7.4.  Cada Direcção de Secção terá a sua primeira reunião nos primeiros 5 dias úteis que se seguirem à tomada de posse, e reunir-se-á periodicamente depois, pelo menos uma vez por mês.

 7.5. Só poderão ser tomadas deliberações desde que esteja presente a maioria dos seus membros efectivos. Todas as deliberações tomadas serão registadas em acta. O Presidente da reunião terá sempre o voto de qualidade.


Artigo 8º - Funcionamento do Conselho Fiscal

8.1. O Conselho Fiscal e constituído nos termos do Artigo 16.2 dos Estatutos.

8.2. O Conselho Fiscal para cumprir as suas competências nos termos do Artigo 16.3.  dos Estatutos devera efectuar a sua primeira reunião nos primeiros 30 dias que se seguirem a sua tomada de posse, reunir-se-a periodicamente depois, de preferência finalizados os trimestres. Efectuará uma reunião específica para analisar o Relatório e as Contas Anuais da ANL, finalizado o exercício a que lhe dizem respeito.

8.3. As deliberações serão tomadas desde que estejam presentes a maioria dos seus membros e serão registadas em acta. O Presidente terá sempre voto de qualidade. As actas serão assinadas pelos membros presentes a reunião.


Artigo 9º - Funcionamento do Conselho Jurídico e de Disciplina Desportiva

9.1. O Conselho Jurídico e de Disciplina Desportiva é o órgão de consulta do Conselho Geral ou das Direcções das Secções em assuntos de carácter Jurídico ou de Disciplina Desportiva.

9.2. Este Conselho tem por missão apreciar os assuntos que lhe sejam submetidos, de carácter jurídico ou de disciplina desportiva, emitindo o respectivo parecer, com carácter vinculativo em caso de aplicação de penas, para permitir às Direcções das Secções ou ao Conselho Geral tomarem as medidas ou decisões adequadas.

9.3. O tipo de penas a aplicar por este Conselho, bem como a sua forma de aplicação, estão estipuladas no Artigo 17º dos Estatutos.

9.4. Este Conselho devera efectuar a sua primeira reunião nos primeiros 30 dias que se seguirem a sua tomada de posse.
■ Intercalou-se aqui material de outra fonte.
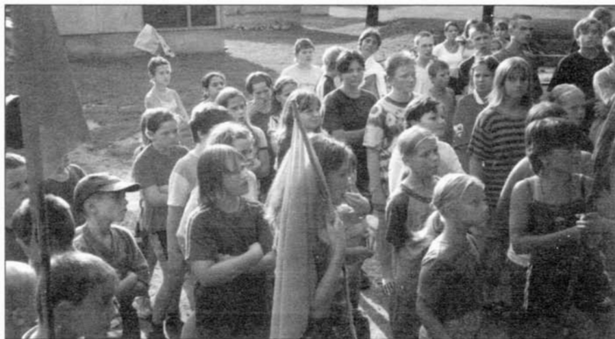
Na fotografii je ukázka z každodenního večerního nástupu 81 dětí letního tábora v Roštíně u Kroměříže. Kromě tábora zajistil DDM Slavkov v létě také zájezd pro 25 rodičů a 23 dětí do Chorvatska a basketbalové soustředění v Trhové Kamenici.
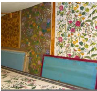
色ごとの版を、寸分の狂いもなく刷り重ねていく、匠の技。
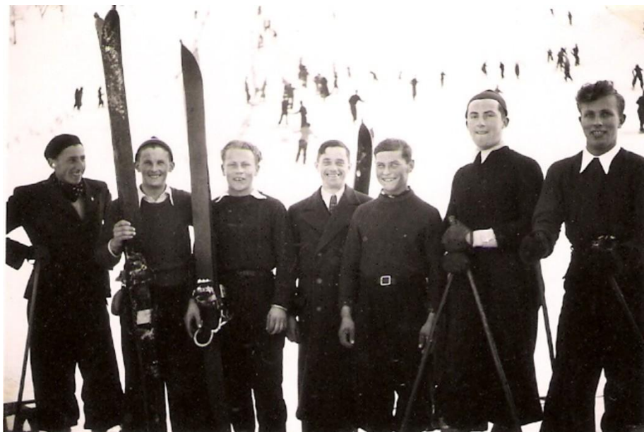
Radovliški smučarji (verjetno v Krpinu), pred 1940

Reunir-se-a depois sempre que convocado para o efeito pelo Conselho Geral ou por qualquer das Direcções das Secções para cumprir com as suas competências expressas no Artigo 17º dos Estatutos.
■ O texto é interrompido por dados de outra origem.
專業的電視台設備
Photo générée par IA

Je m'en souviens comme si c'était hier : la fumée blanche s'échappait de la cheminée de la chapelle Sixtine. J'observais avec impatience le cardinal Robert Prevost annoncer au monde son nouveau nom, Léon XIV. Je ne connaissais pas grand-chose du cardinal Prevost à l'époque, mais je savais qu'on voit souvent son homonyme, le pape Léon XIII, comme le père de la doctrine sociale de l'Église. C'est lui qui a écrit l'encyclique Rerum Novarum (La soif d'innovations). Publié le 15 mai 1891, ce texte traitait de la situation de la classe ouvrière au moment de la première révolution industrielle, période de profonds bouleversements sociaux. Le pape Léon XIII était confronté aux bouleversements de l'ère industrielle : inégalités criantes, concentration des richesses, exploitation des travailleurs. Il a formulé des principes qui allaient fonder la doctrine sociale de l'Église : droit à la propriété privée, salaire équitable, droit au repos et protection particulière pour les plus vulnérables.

9.5. As deliberações serão tomadas desde que estejam presentes a maioria dos seus membros e serão registadas em acta. O Presidente terá sempre voto de qualidade. As actas serão assinadas pelos membros presentes a reunião.

 

CAPÍTULO IV - Embarcações

Artigo 10º - Registo de Embarcações

10.1. Como complemento ao estabelecido no Artigo 20º dos Estatutos, o registo das embarcações dos Sócios Efectivos, efectuar-se-á na Secretaria da ANL da Secção respectiva, em impresso de modelo próprio. A proposta de registo será submetida à Direcção da Secção para aprovação.

10.2. Qualquer embarcação pertencente a mais de um proprietário poderá ser registada na ANL desde que, pelo menos um deles, seja Sócio da ANL e, a embarcação não esteja registada noutro clube filiado na FPV.

10.3. Poderá ficar isenta de qualquer encargo a embarcação que seja posta à disposição da ANL durante o período em que esta dela disponha nos termos do disposto no Artigo 20.2 dos Estatutos, uma vez formalizado um protocolo de utilização, com a Direcção da Secção respectiva.

 

CAPÍTULO V - Outros

Artigo 11º - Entrada em vigor do Regulamento Geral

11.1. O presente Regulamento Geral entra em vigor na data da sua aprovação e funcionará em estreita ligação com os Estatutos da ANL aprovados na mesma data.